*Task:*
Only the lines from the first line of the data through the line containing "Стол обеденный раздвижной" belong in the answer, transcribed exactly; pictures do not.

*Source records:*
○ ○ ○ ○ ○
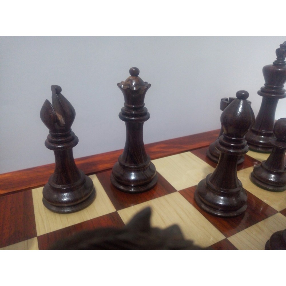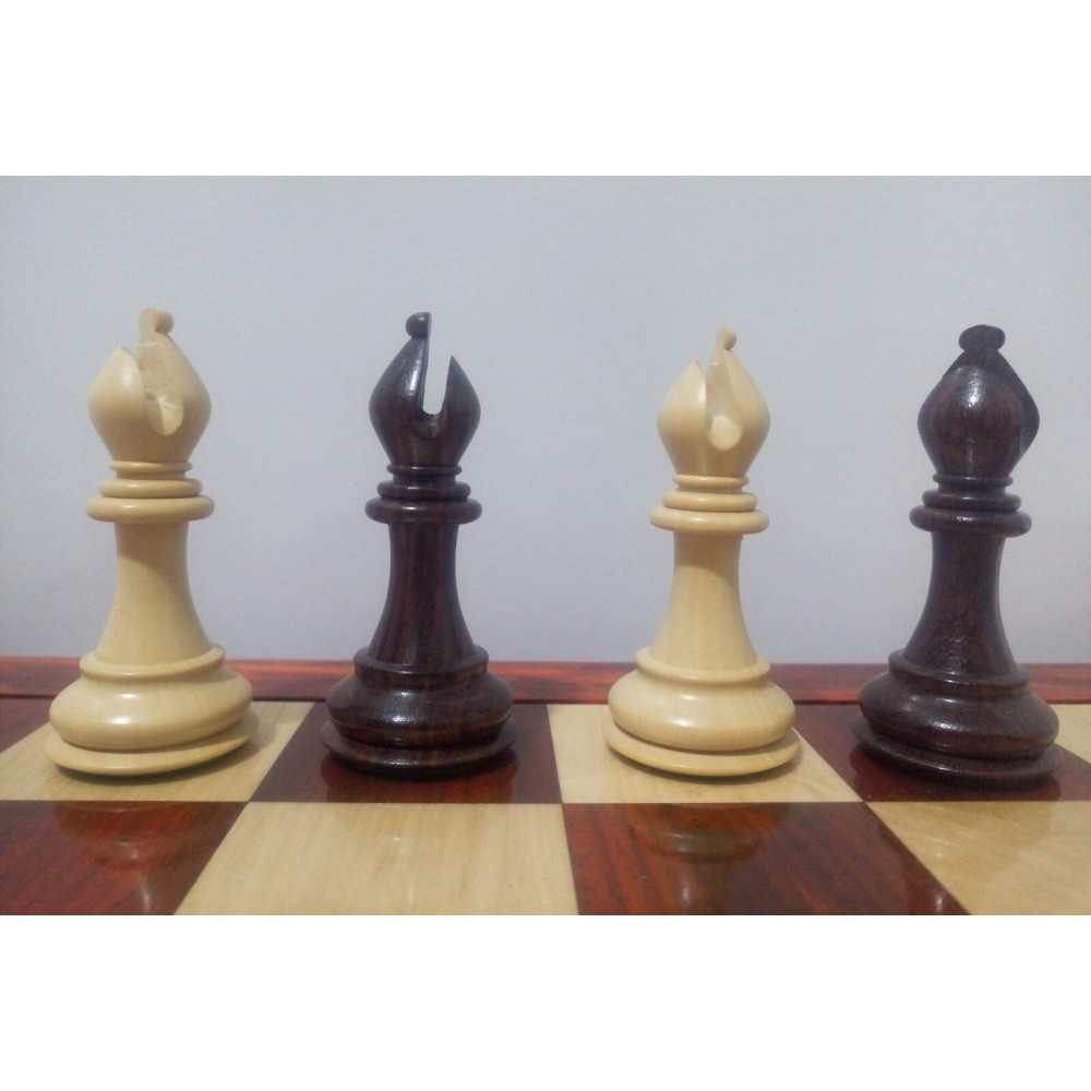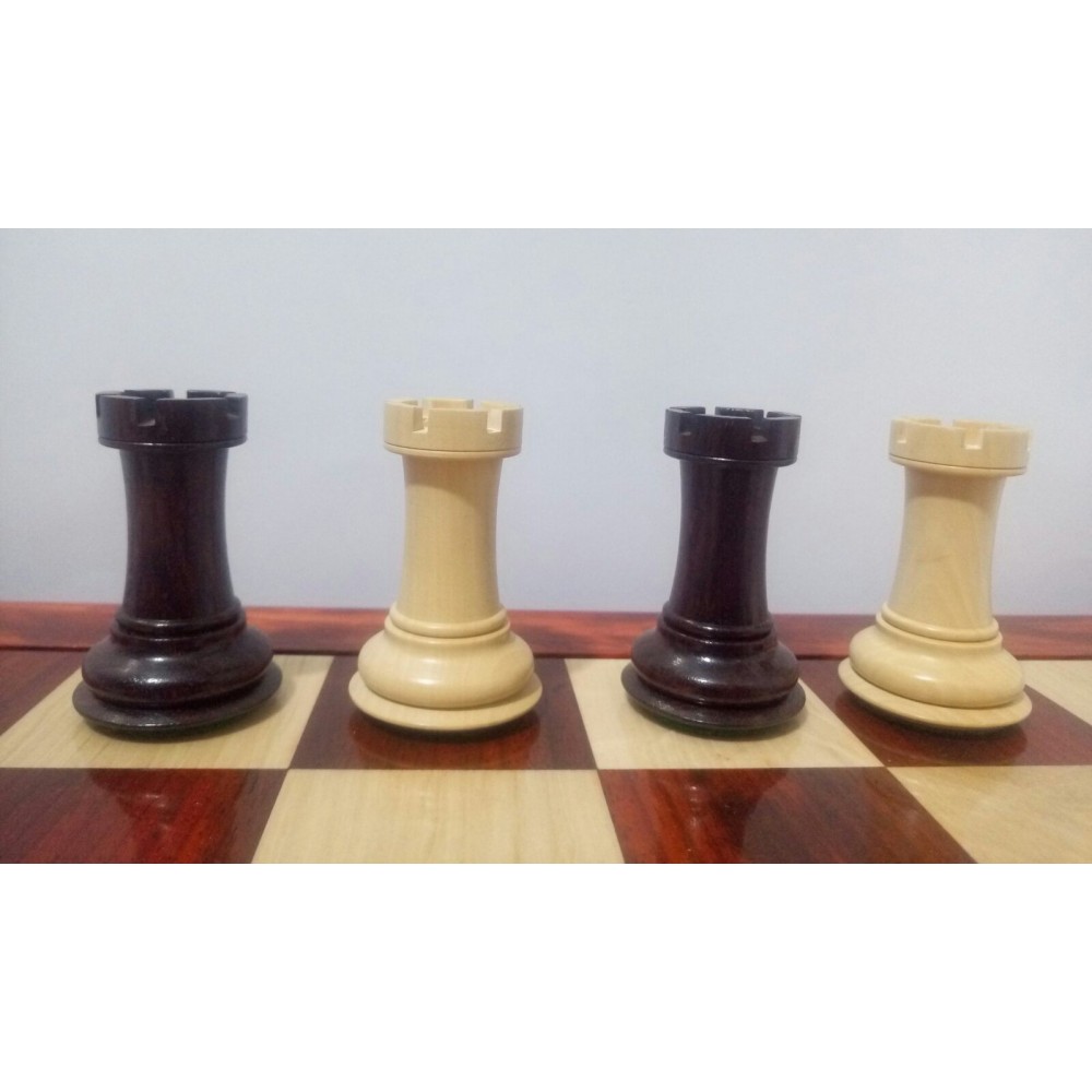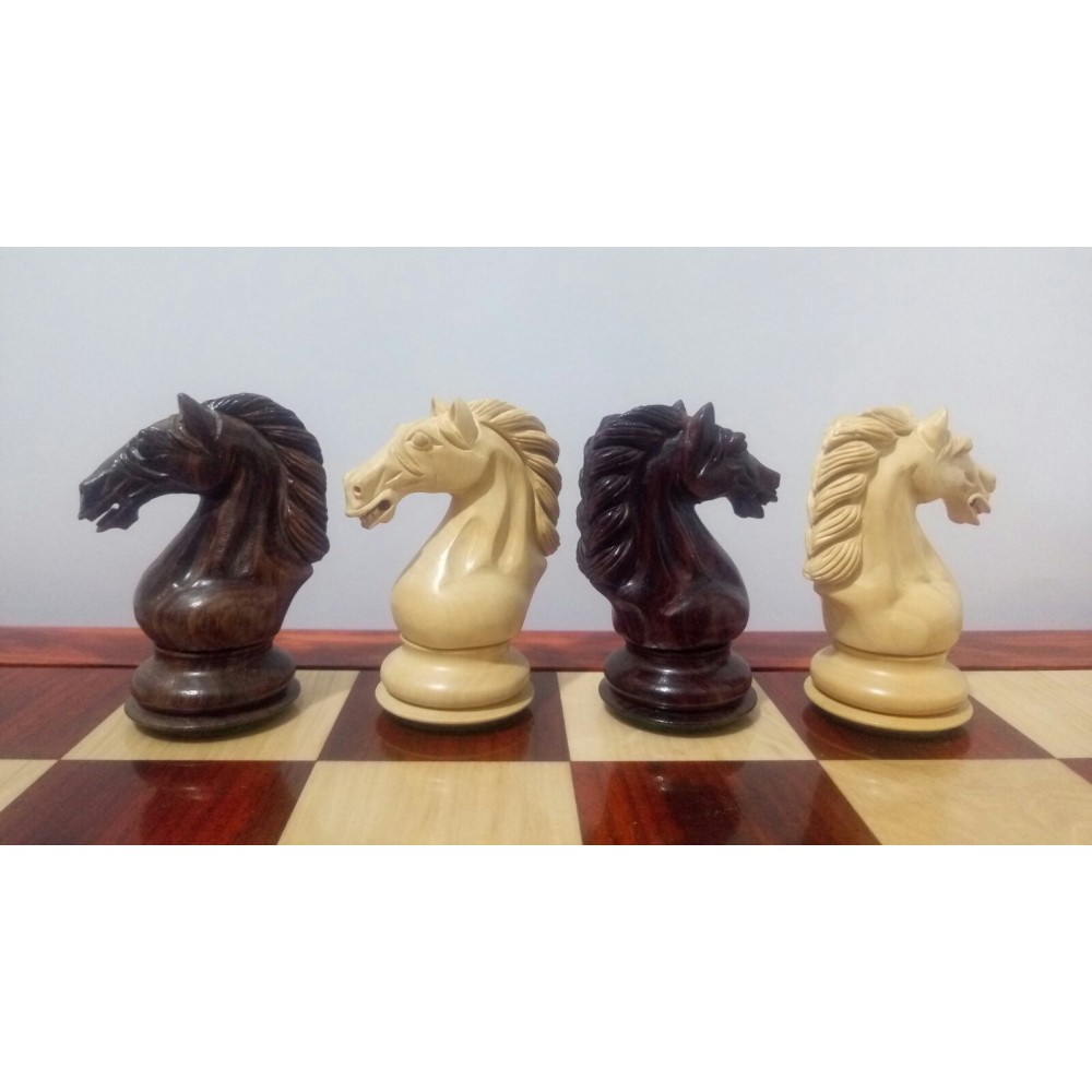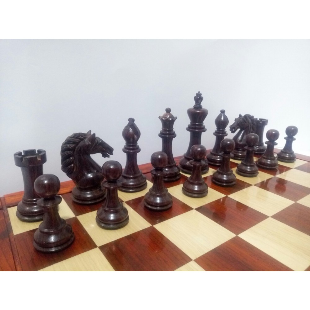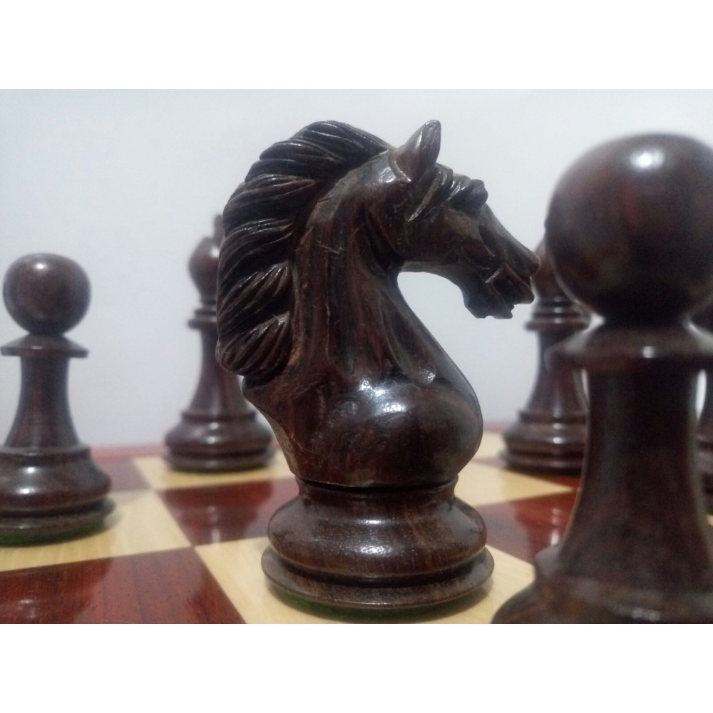 Шахові фігури з цільного дерева з металевим обтяжувачем усередині. Білі – самшит, чорні – ROSEWOOD (рожеве дерево). Фігури ручної роботи. Основи фігур покриті зеленим сукном. У наборі є два додаткові ферзи. Вага комплекту – 1500 грам. Виробництво Індія.
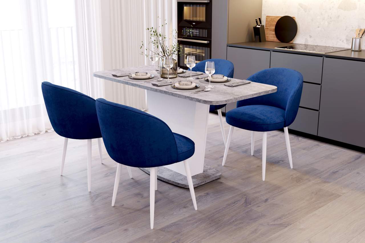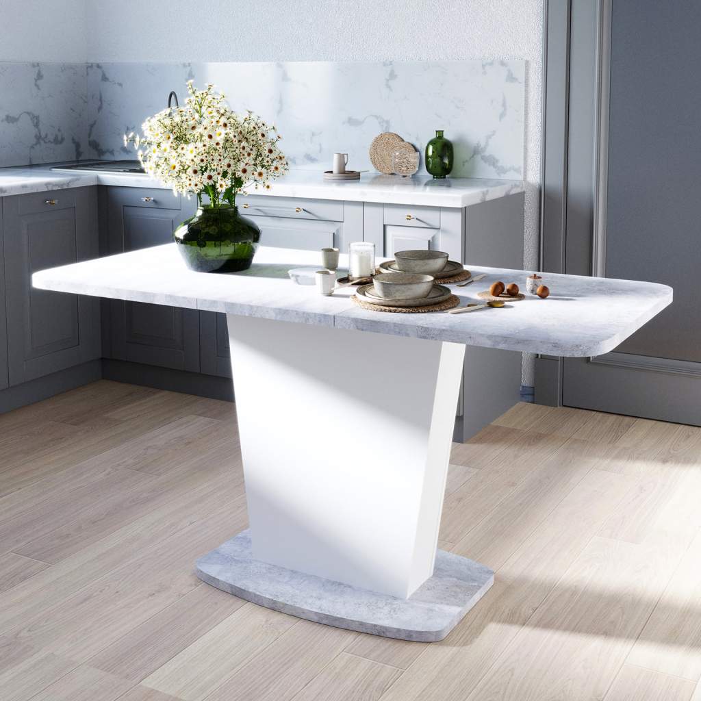 Стол обеденный раздвижной Перфект цемент светлый/белый
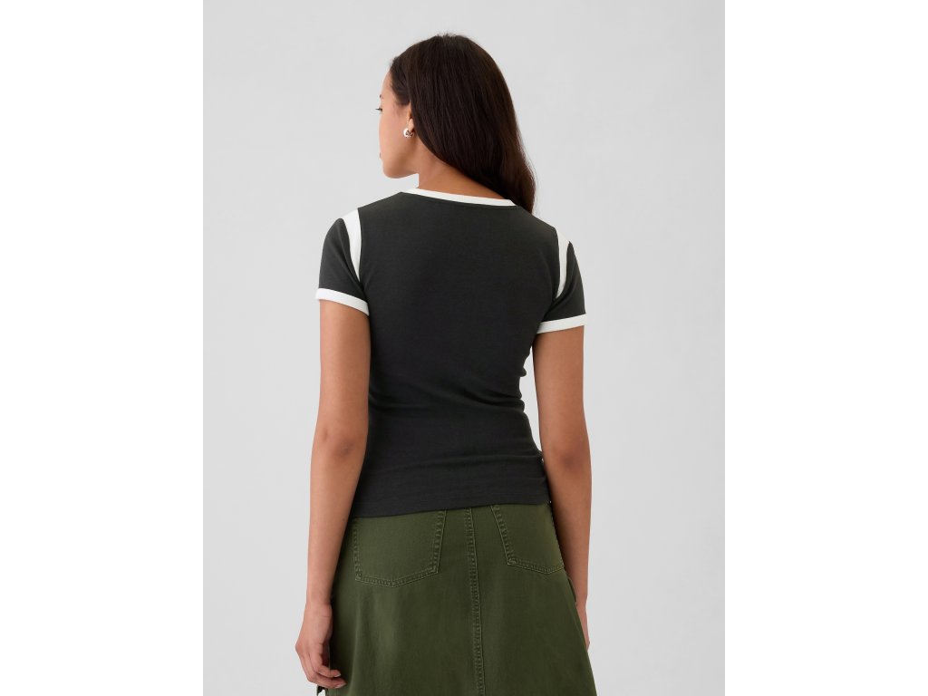 Dámske tričko z bavlneno-modalovej zmesi. Okrúhly výstrih. Krátke rukávy. Malé Gap logo. Priliehavý strih. Ľahko skrátené, končí nad bokmi. Výška modelky je 172–180 cm, s pásom 60–66 cm a bokmi 84–97 cm. Modelka nosí veľkosť S.Dodatočné parametre
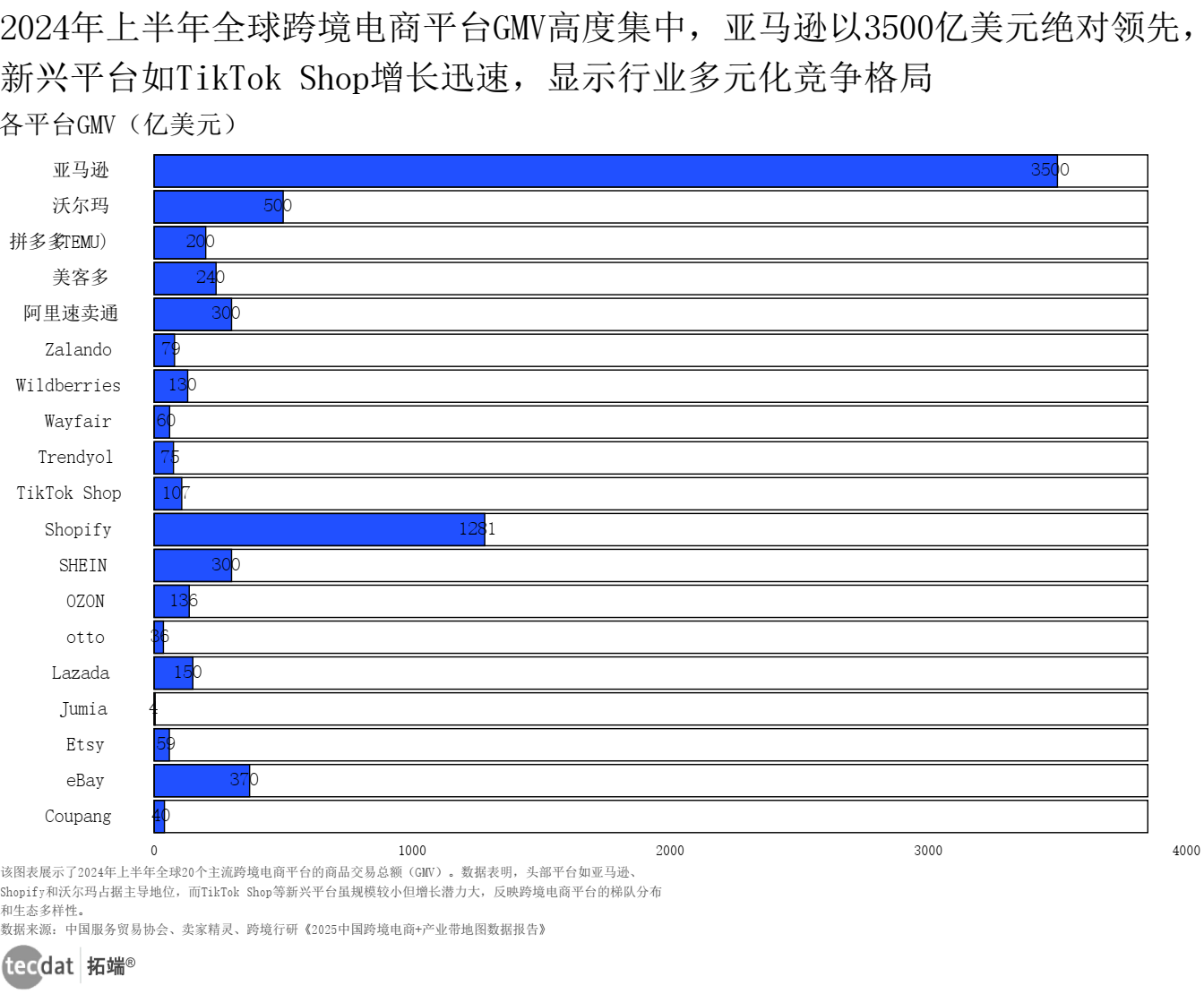 全球跨境电商平台呈现“头部压舱、新兴破局”的态势:亚马逊以3500亿美元GMV稳居第一,Shopify靠独立站生态拿下1281亿美元,沃尔玛500亿美元紧随其后;而TikTok Shop凭借“短视频种草+货架电商”模式,107亿美元GMV背后是翻倍的增速,成为不少中小卖家的“起量新选择”。
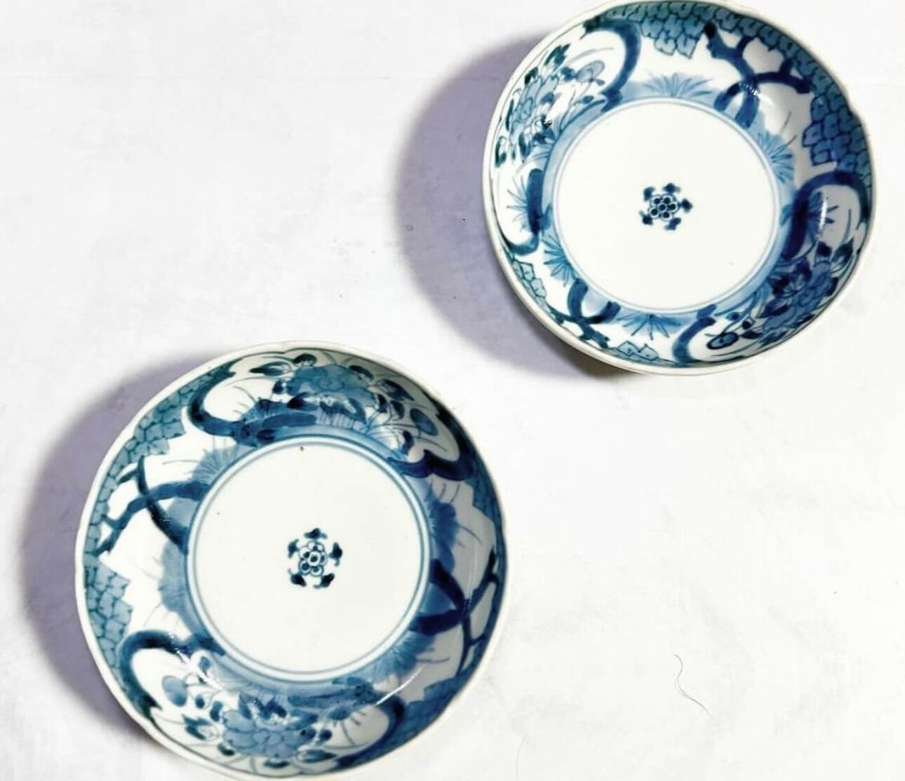 古伊万里染付草加文皿二枚 江戸期 骨董皿 日々の暮らしに 器 なます皿
○ ○ ○ ○ ○
*Result of this task:*
 Шахові фігури з цільного дерева з металевим обтяжувачем усередині. Білі – самшит, чорні – ROSEWOOD (рожеве дерево). Фігури ручної роботи. Основи фігур покриті зеленим сукном. У наборі є два додаткові ферзи. Вага комплекту – 1500 грам. Виробництво Індія.
 Стол обеденный раздвижной Перфект цемент светлый/белый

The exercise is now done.